I was deeply saddened to hear yesterday of the death of Steve Miller M.D. who was a steadfast supporter of those of us who work with alienated children and their families, and who provided a clear explanation of the fundamental attribution error in working with alienation. You can see Steve speaking with clarity and precision about this in this video which is well watched and referenced by those who do this work.

Steve was a kind and funny man who was clear that alienation of children is child abuse. He possessed infinite wisdom on matters of health and health care and ways of thinking about alienation which pushed at the boudaries of existing knowledge. At the EAPAP conference in London in 2018, he introduced us to the idea that the eight signs of alienation, which are used in Parental Alienation Theory, are actually only two signs, contempt and lack of empathy, which furthered our interest at FSC in the work of psychoanalytic researchers and the concept of splitting as the central dynamic in families where children align with a parent and reject the other. In 2019, when we began to move away from Parental Alienation Theory in our work, Steve remained kind, courteous and supportive of what we were doing, his focus was on the wellbeing of children and he was truly interested in how to help more therapists, understand that working in this field is a specialism which requires strength and determination, as well as precise understanding and knowledge on correct treatment protocols.

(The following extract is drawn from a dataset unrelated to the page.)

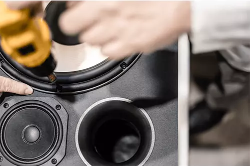 12-inch (300mm) cast-frame, white pure-pulp cone woofer in bass-reflex design with front-firing tuned port.

When I think of Steve, I remember conversations on the phone which began with a topic and wound their way around many areas of mutual interest, to arrive back at the point of the call. We had tea in London in 2018 and he put me straight on the early days of the Beatles, making me laugh at the things said about me on the internet at that time, bringing life back into perspective with grace and ease. His ability to conceptualise and clarify complex issues was second to none, but in discussion he was easy to talk to and generous in his recognition of others he deemed capable of understanding the complexity of this work.

My lasting memory of Steve, is his clarion call for more specialists in the field at the conference in 2018, where he argued for the need for therapists who really ‘get’ the problem we are working with and know how to treat it. I haven’t forgotten his words, that those who specialise in this work, will face untold abuse but will keep doing it anyway, because we know that children are being deeply harmed by this dynamic. Those words underpin all my intention and keep me going regardless and whilst we have long since moved on from the use Parental Alienation Theory, what we learned from Steve set us on the path we are now on. His courage and clarity helped us to bring new understanding and treatment routes to life and the signficance of his work and that gift of understanding he gave us, will stay with us always.

We are profoundly grateful for the life of Steve Miller, whose work has changed the lives of alienated children around the globe.